3. The need for an over-arching strategy on poverty reduction
 
Despite the commitment by Government to eliminate poverty as demonstrated by the existence of a wide range of citizen economic empowerment programmes, sustained growth in formal sector employment over the past 35 years of post independence period, the existence of a number of social safety nets and income transfer programmes for the poor and the disadvantaged, access to basic services by a significant proportion of the population, and commendable improvements in the quality of life for the majority, the 1996 BIDPA Poverty Study reported 'sufficient' act of these programmes resulting in significant proportion of the country's population still living below the Poverty Datum Line. The report indicates that as a result of this sub optimum programme impact, the national poverty rate has only declined from 59 percent of the population to 47 percent between 1985 and 1994. It further reported that 55 percent of the rural population was found to be below the poverty datum line compared to 46 percent in urban villages and 29 percent in urban areas.
 
Key weakness of these programmes were identified as:
 
  1. Inadequate popular participation in programme design; implementation; and monitoring and evaluation; which resulted 'in poor targeting and under-utilisation of programmes.
  2. Inadequate co-ordination of poverty programmes leading to failure to capture synergies at both the central and local/district level.
  3. Inadequate monitoring and evaluation, which means that programme output were not adequately reconciled with targets and gaps were not identified early enough.
 
This poverty level no doubt calls for renewed efforts to re-examine the problem, especially how it has been addressed over the years and how the country wishes to deal with it now and in the future.
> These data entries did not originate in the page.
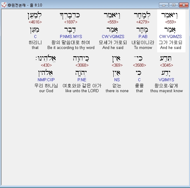 | 히브리어 출애굽기 10장 전체 원어 원문 성경 공부 주석 강해 설교 해설 해석 (0) | 2020.09.26 |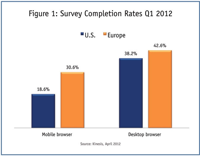 Figure 1 provides Kinesis’ survey completion rate statistics from Q1 2012. It differentiates completion rates based upon the type of browser used (in this instance, tablet devices are included with mobile browsers). In the U.S., 18.6 percent of those using mobile browsers on the Kinesis platform are completing the online survey that they enter, versus 38.2 percent for desktop browsers. These statistics are irrespective of whether the survey they entered was programmed to support mobile browsers or not, as well as irrespective of survey length and methodology. The data are reflective of mobile respondents across all surveys, regardless of type (desktop only, mobile only or dual mode). This statistic makes sense, since mobile respondents are more likely to terminate from a standard-length online survey, which represents the majority of online survey traffic.
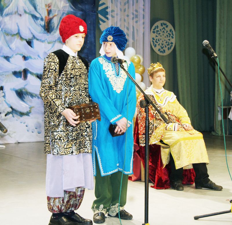 В торжественном убранстве сцена. Над символическим вертепом сияет звезда. Колокольный звон оповещает о начале торжества. Звучит тропарь «Рождество Твое, Христе Боже наш…» Преподаватель воскресной школы И. В. Колесень поздравляет собравшихся с праздником и предлагает обратиться к евангельским событиям. Сюжеты, сменяя друг друга, уносят в историю, которой уже более двух тысяч лет. Не в славе и великолепии, а в нищете, убожестве и уничижении является в мир Создатель; не роскошные палаты, а вертеп приемлет Его. Весть о рождении Богомладенца первыми услышали вифлеемские пастухи. А после них — мудрые персидские волхвы: увидев на небе яркую необычную звезду, они поняли, что на свет явился кто-то великий.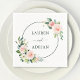 This wedding paper napkin features painted watercolor flowers in blush pink, white, and green foliage with a circle frame. For more advanced customisation of this design, Please click the "Customise further" link.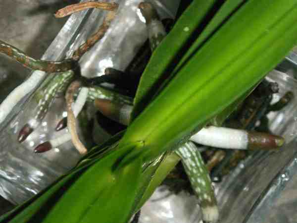 Miro, koukám na ty Vandy, úžasný. Ten skleněnej obal je plný kořenů? Vidím to dobře? Mám Vandu, jen je nějak chudinka. Musela jsem ostříhat kořeny, protože jsem jí je zničila nejspíš silnějším roztokem hypermanganu (zdálo se mi, že chytly nějakou plísňovou chorobu. Teď už rostou nový (posílám obrázek) a tlačej se na stěny v té kulaté váze. Vadí to? Nezloměj se? Dala jsem ji do hranatý, je v ní víc místa. Nemám ji nechat v tom těsnějším prostředí? Ď, Ň.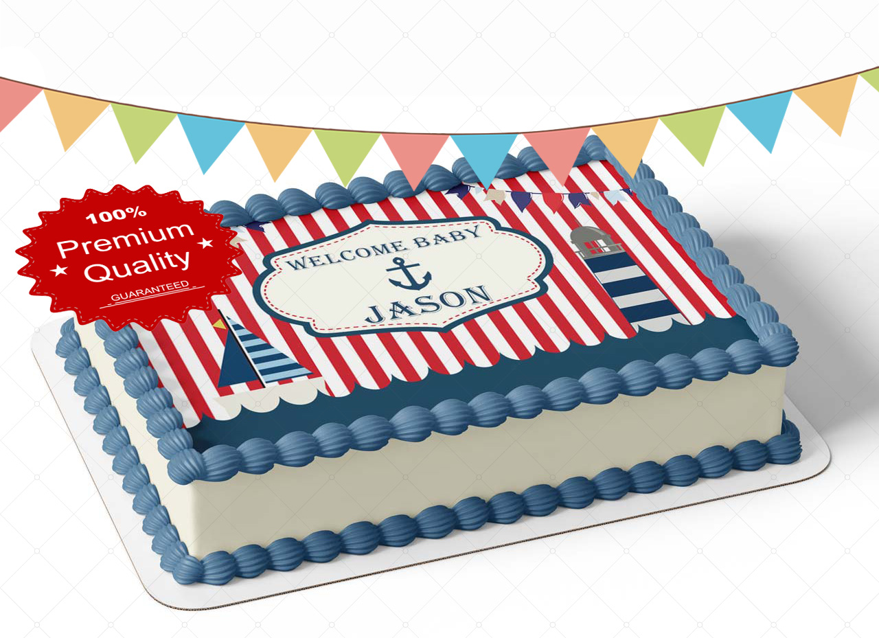 Baby Shower Beach Nautical Sailor BSN Edible Image Themed Edible Birthday Party Cake Topper Sheet Edible Sticker Decal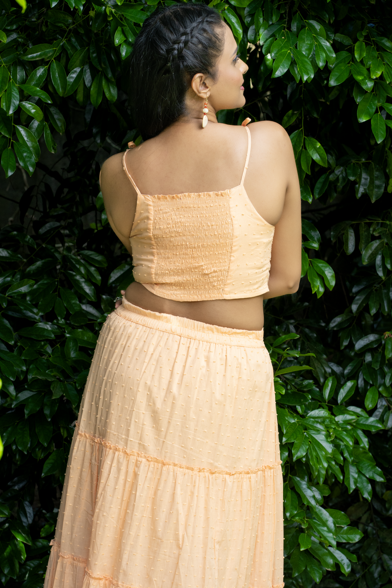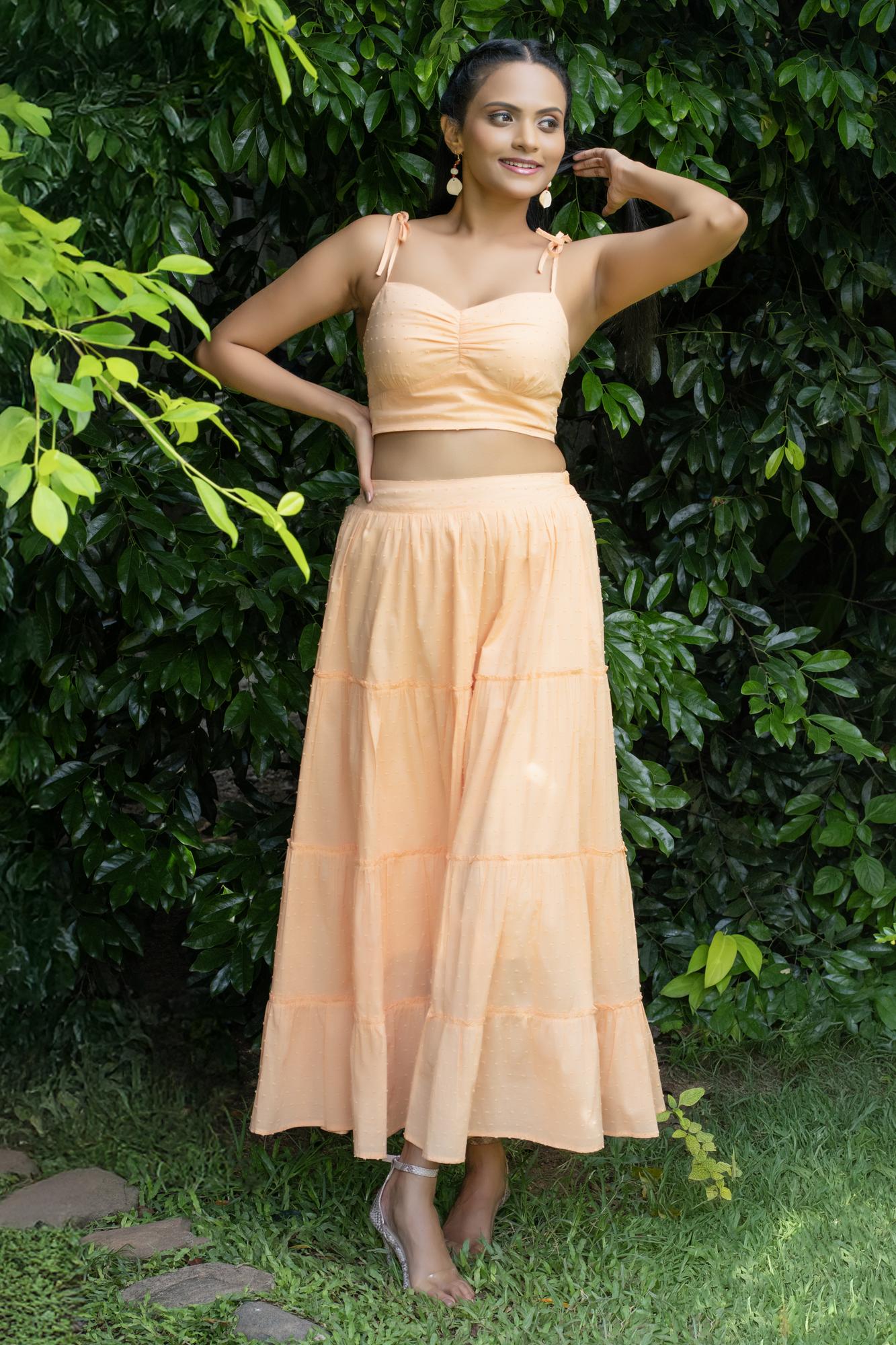 A Vibrant Apricot Orange Two Piece Set Featuring A Stylish Crop Top And Flowing Long Skirt. Breezy, Elegant And Perfect For Casual Outings.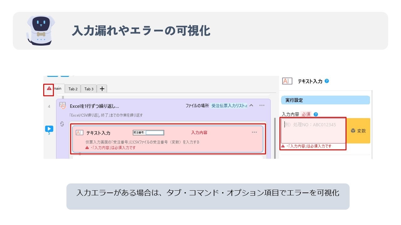 入力エラーがある場合は、タブ・コマンド・オプション項目でエラーを可視化できるようになりました。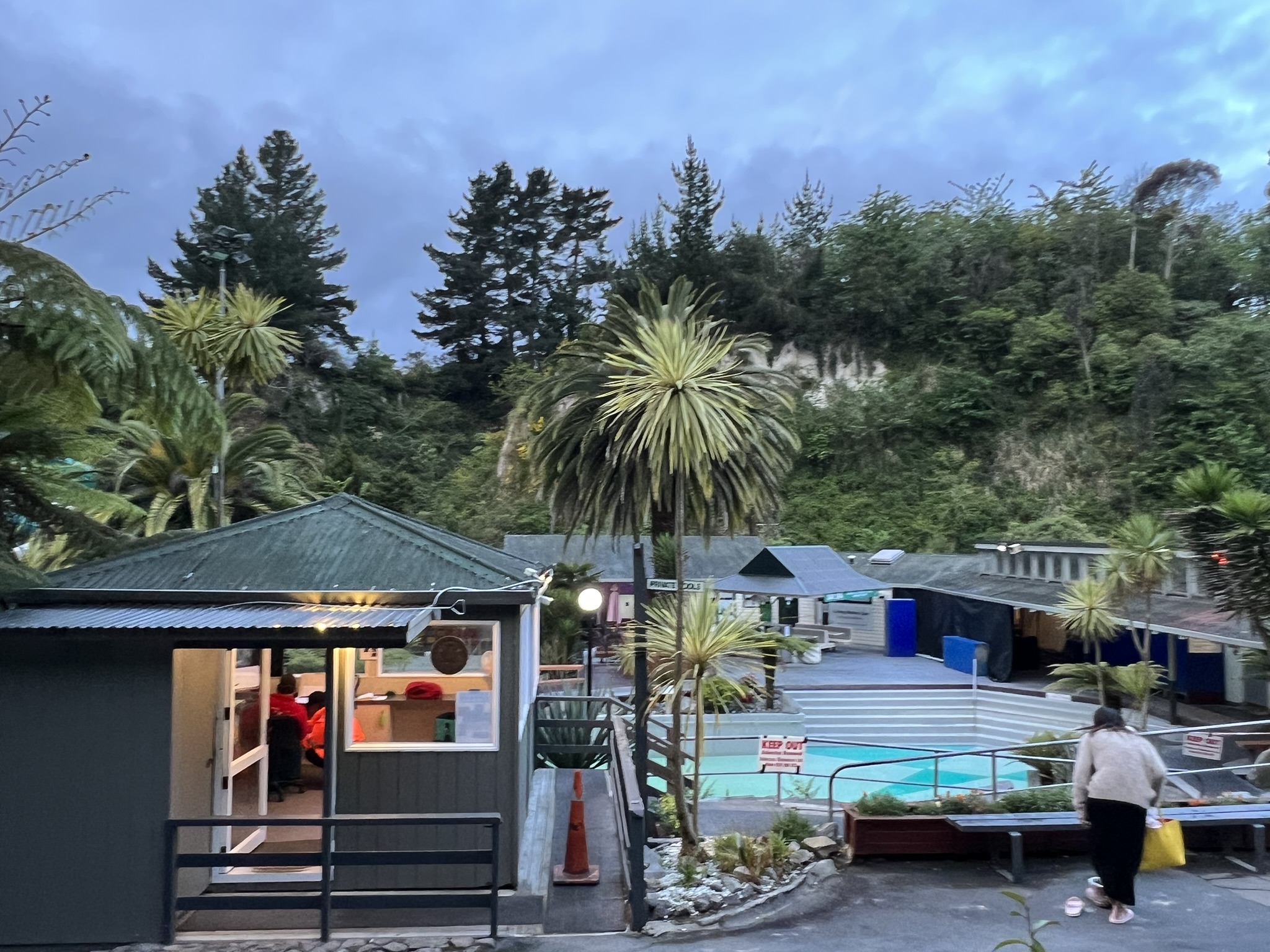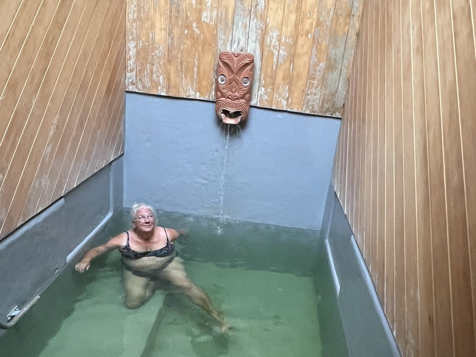 När vi närmade oss Taupo började det dyka upp ångpelare här och var i omgivningen. Det visade sig vara termiska källor. Liksom på Island leds de mineralrika varma källorna till bassänger som används för välgörande bad. Vid campingen fanns en av de goa varma källorna som blivit bassäng. Härligt för stela vindpinade muskler. Vi började med en privat liten pool som var strax över trettioåtta grader. Åh, så gott det var! Vi fortsatte sedan till de andra utomhusbassängerna som också var varma och goa.
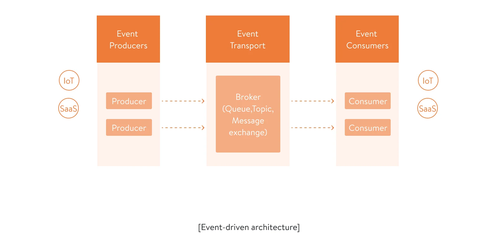- The existence of event transport eliminates the need for direct communication and dependencies between producers and consumers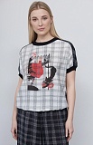 Блуза в клетку с печатью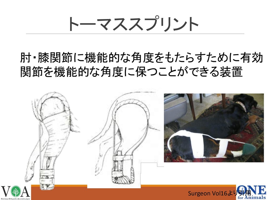 トーマススプリント 肘・膝関節に機能的な角度をもたらすために有効 関節を機能的な角度に保つことができる装置 Surgeon Vol16より引用

This task is presently constrained by the absence of a cohesive national poverty reduction framework. Past and contemporary efforts at poverty alleviation have largely been ad hoc, inconsistent and lacking synchronization. An effective national poverty strategy should guide, synchronize, co-ordinate and consistently link the various poverty-related sectoral initiatives.
 
Based on the fore-going, 'in its 86th and Special Meeting, held in July 2000, the Rural Development Council adopted the Terms of Reference for a consultancy that would Formulate a National Strategy for Poverty Reduction. This consultancy is expected to undertake a comprehensive situational analysis of the problem, particularly with regard to policy gaps, strengths and weaknesses in the design and planning, implementation and monitoring and evaluation of existing related programmes.